Teenage luxury real estate blogger Cole Perkins, profiled in an Inman News story in December, has moved to new digs. After blogging about high-end properties for about a year at LavishProperty.com, he has created a new site: http://www.affluentabodes.blogspot.com, where he vows to continue chronicling the real estate lifestyles of the rich and famous.

Another name for fraud

Semantics alert: The next real estate phrase du jour could be "reverse staging." The National Association of Realtors’ Speaking of Real Estate blog says that’s the evolving phenomenon of owners of short-sale properties trashing their houses in order to knock down their values — and then colluding with a straw buyer to make a lowball offer to the bank, buy the home, fix it up, and flip it for its original market value.

A model movie set

Business may be slow in homebuilding, but Toll Brothers has found a way to keep the activity level high at one of its model homes: It’s being used by Atlantic Pictures as a location for a movie.

"The Brass Teapot," described as a dark comedy, has been shooting at the Toll Brothers at Four Corners community in Hopewell Junction, N.Y, and other properties belonging to the homebuilder, according to the company.

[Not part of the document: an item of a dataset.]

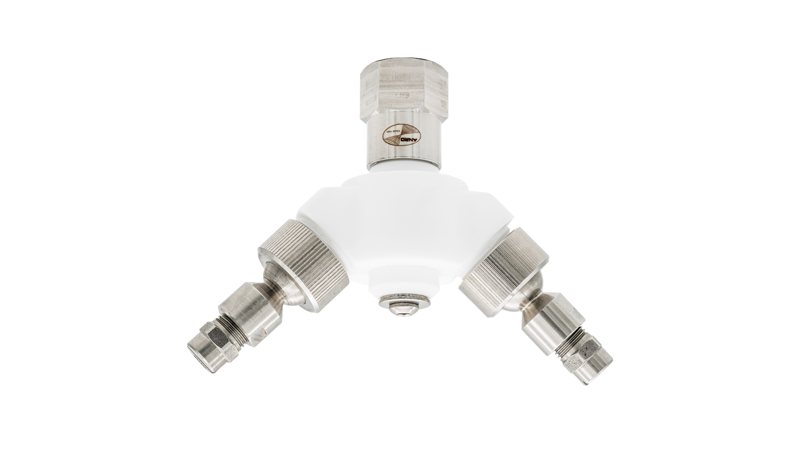 The GyraFlex Model V is optimized for 180º downward cleaning, delivering reliable performance for applications that require effective coverage of tank bottoms. With no internal parts or seals, the unit provides high reliability and low maintenance over extended use. It is equipped with two flat spray nozzles angled 45º downward, each adjustable by 90º, enabling flexible configuration to match specific cleaning requirements.

Baltimore real estate agent seeks to overturn license revocation

A Baltimore real estate agent who is a convicted sex offender is fighting the state’s decision to revoke his professional license.

The agent has been unnamed in Baltimore Sun coverage because the man was convicted in 2007 of sexually abusing young relatives, and the paper said identifying him in print might also identify the young victims; it’s the Sun’s policy not to name victims of sexual abuse.

The agent’s case recently was argued before the state Court of Appeals; his lawyer maintains that his crimes were unrelated to his occupation and that the licensing board was wrong to consider the man a potential menace to others.

He pleaded guilty to the abuse charges and served one year in prison. The state revoked his real estate license in 2008, saying that the convictions "undermine his trustworthiness in dealing with the public" and are a blot on his character and reputation, according to the Sun. The licensing decision has been upheld by two courts.

The Sun reported that the appellate court decision could have broader implications for licensing boards in various fields — sparking further refinement of the definition of who might be able to hold a professional license.